From   "Statann Lindberg" <[email protected]>
To   [email protected]
Subject   st: Logistic regression
Date   Tue, 21 Jan 2003 13:52:42 +0000

Dear all,

I am trying to refresh my statistical knowledge and at the same time refresh my experience with Stata (I currently run version 6, but will upgrade to 8). Now I desperately need some guidance on the best way to approach an analysis of a data set I have.

The data come from a study where 19 pregnant sows (16 with infected foetuses, 3 infected with healthy foetuses) have been tested for antibodies (expressed as an optical density (OD)) repeatedly during gestation. Each sow has been tested 8 times.
Basically I want to know if OD and the day in gestation (DIG) when the sow was tested can predict whether the foetus is infected or not. I anticipate that there may be an interaction between OD and DIG so I also want to include an interaction term.

Typing:
logistic inf od*dig, cluster(id) asis
only gives estimates for the main effects (od and dig) and not for the effect modifier that I wanted to test. Why is this?

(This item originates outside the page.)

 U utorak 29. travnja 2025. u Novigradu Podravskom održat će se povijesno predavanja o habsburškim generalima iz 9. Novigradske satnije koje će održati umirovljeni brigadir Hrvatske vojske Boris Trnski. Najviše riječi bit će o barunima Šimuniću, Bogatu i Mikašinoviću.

However, if I in a previous step create an interaction term by
generate od_dig = od*dig, and then type
logistic inf od*dig, cluster(id) asis
Stata somehow identifies od_dig as something I want in the model.
Something I had not expected, but OK.

However, I also have a multicollinearity problem (high correlation between the interaction term and the main effects) so I experimented to try and reduce it by centering od (created a new variable called od2 = od - mean(od)) and a new interaction term od2_dat = od2*dig).

Then at some point in time I ran my first version again:
logistic inf od*dig, cluster(id) asis
and got the message:
Note: od dropped due to collinearity.
Note: od2_dat dropped due to collinearity.

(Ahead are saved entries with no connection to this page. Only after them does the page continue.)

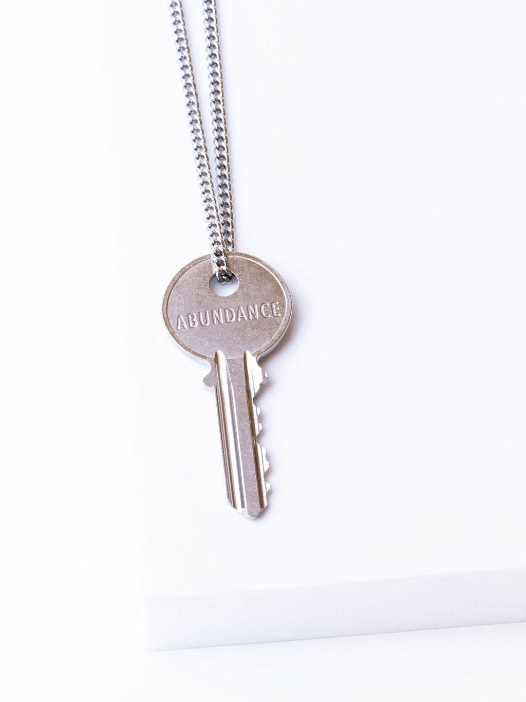 Chain features a matching logo tag and a hand stamped key with the word ABUNDANCE
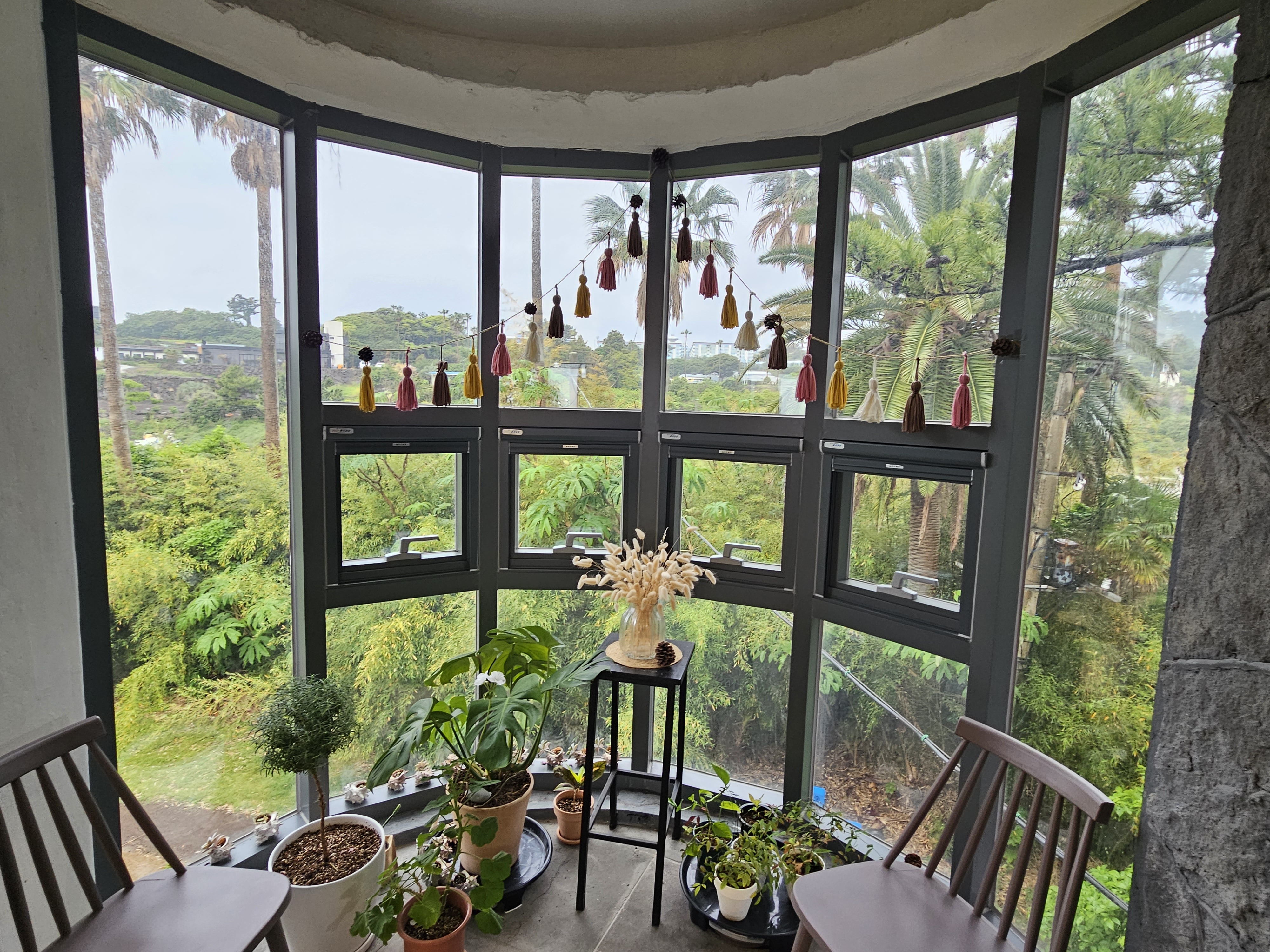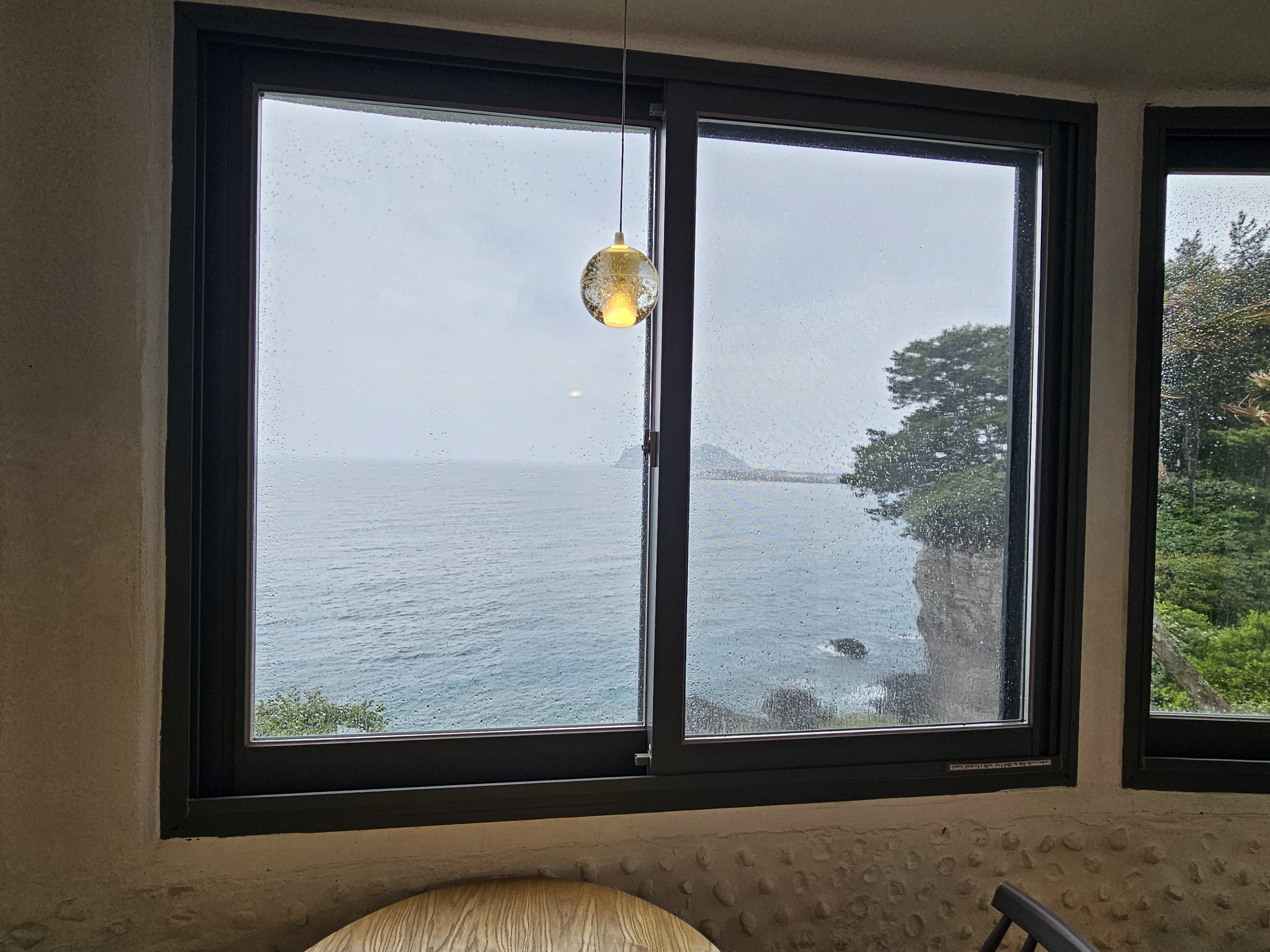 커다란 창문으로는 서귀포 바다가 넓게 펼쳐져 있습니다.
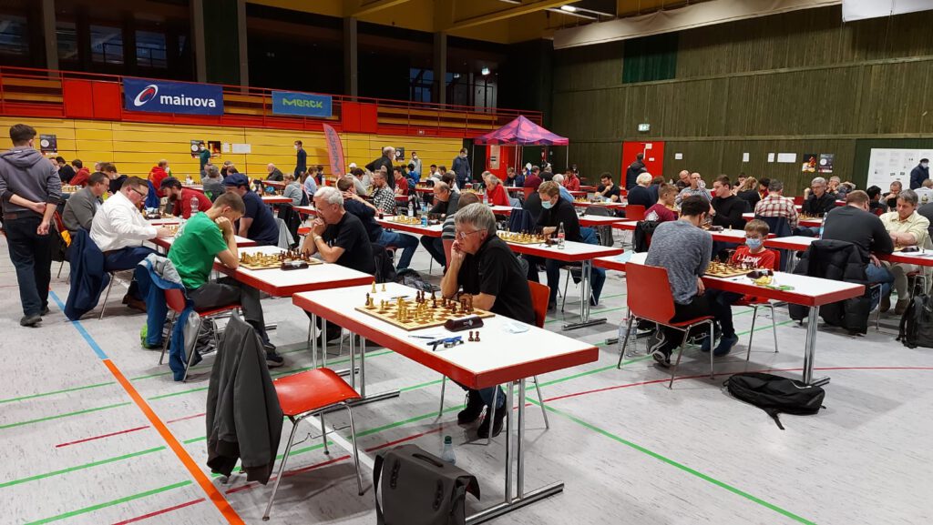 Nach der langen coronabedingten Pause war dies eins der ersten Turniere im näheren Umkreis (Groß-Zimmern liegt ein Stück östlich von Darmstadt) und so stellte der Schachklub Bad Homburg mit insgesamt 11 von 100 Teilnehmern (Anton, Christoph, Danail, Frieda, Hans, Jonas, Justus, Robin, Thomas, Victor und Uwe!) nach dem Gastgeber die zweitgrößte Gruppe.

Hmm. I didn't ask for od2_dat to be in the model?? How come it was included?
(I understand that I probably lack some vital Stata info here, so please excuse me!)

Then I typed:
logistic kdpi od2 andigat od2_dat, cluster(id) asis
which appears to work.

Apart from this interaction confusion, I am still uncertain if I have chosen a reasonably correct way of analysing these data, considering that I have repeated measurements on individuals. I hope that the fact that I specified the cluster option will account for that, but does it properly? Somebody warned me about the dependence between mean and variance for binomial dependent variables, that adjusting the variance could still lead to biased point estimates... but I have not found a discussion on that topic in the manual (so far).
I have tried to use xtgee as well, but I can not make it converge..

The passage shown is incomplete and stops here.